This statement is made by the Board of Directors* in Boss Media AB (publ) (“Boss Media”) in accordance with section II.14 in the OMX Nordic Exchange Stockholm AB’s Rules Regarding Takeover Offers (the “Takeover Rules”).

At the end of 2007 the Board of Directors in Boss Media was contacted by a number of parties indicating an interest in acquiring 100 percent of the shares in Boss Media. The Board of Directors considered the indications of interest to be serious and of interest to Boss Media’s shareholders. The Board of Directors therefore decided to establish a process to give access to a limited number of parties to conduct a limited due diligence and to meet with the Boss Media management. The purpose of the process has been to ensure that the potential offerors are treated equally and that the shareholders of Boss Media receive the best price possible.

GEMed AB (“GEMed”) on 1 February 2008 announced a public cash offer to the shareholders in Boss Media to tender all outstanding shares in Boss Media to GEMed (the “Offer”). GEMed offers SEK 19 in cash per share in Boss Media. The offer document containing the Offer was made public on 5 February 2008 (the “Offer Document”).

GEMed has on 13 February 2008 through a press release (the ”Press Release”) announced that the Offer is increased to SEK 25 per Boss Media share in cash consideration.

According to the Offer Document GEMed is indirectly jointly-owned by GTECH Corporation (“GTECH”) and Medströms AB (“Medströms”).
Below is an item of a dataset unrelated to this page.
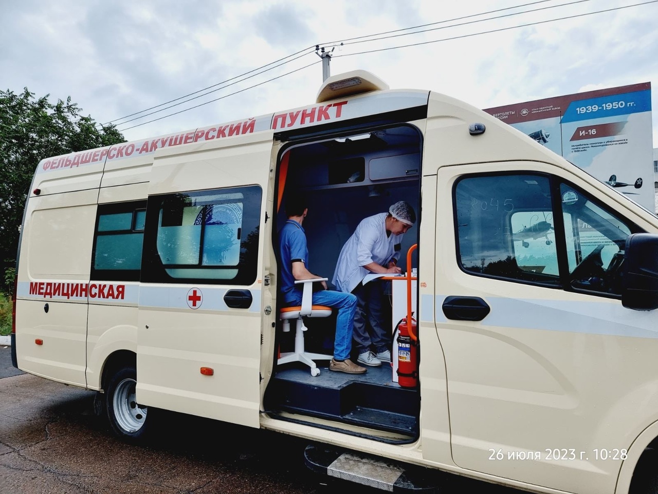 Выездная диспансеризация в формате развёрнутого на территории завода "медицинского городка" проводится впервые и стала возможна благодаря передвижному медицинскому комплексу ФЛЮМАММ и мобильному фельдшерско-акушерскому пункту, полученным Городской больницей № 4 в 2023 году при содействии Главы Бурятии А. С. Цыденова и зампреда правительства - министра здравоохранения Бурятии Е.Ю.Лудуповой.

GTECH owns approximately 87.5 percent and Medströms approximately 12.5 percent of GEMed.

The acceptance period for the Offer is 7 – 27 February 2008. The Offer is, amongst other conditions, conditional upon being accepted to the extent that GEMed becomes the owner of more than 90 percent of the total number of shares in Boss Media.

Please see the Offer Document and the Press Release for more details regarding the Offer.


2. Recommendation by the Board of Directors

The Board of Directors* notes that GEMed has stated the following in the Offer Document:

“GEMed attributes great value to Boss Media’s management and employees and also intends to continue to safeguard the excellent relationship among Boss Media employees that is evident to GEMed. GEMed does not plan to implement any more significant changes with regard to employees or any significant changes for terms and conditions of employment. The above mentioned motives for the Offer are not considered to entail any significant effect on employment nor with regard to places where the operations of Boss Media are conducted. ”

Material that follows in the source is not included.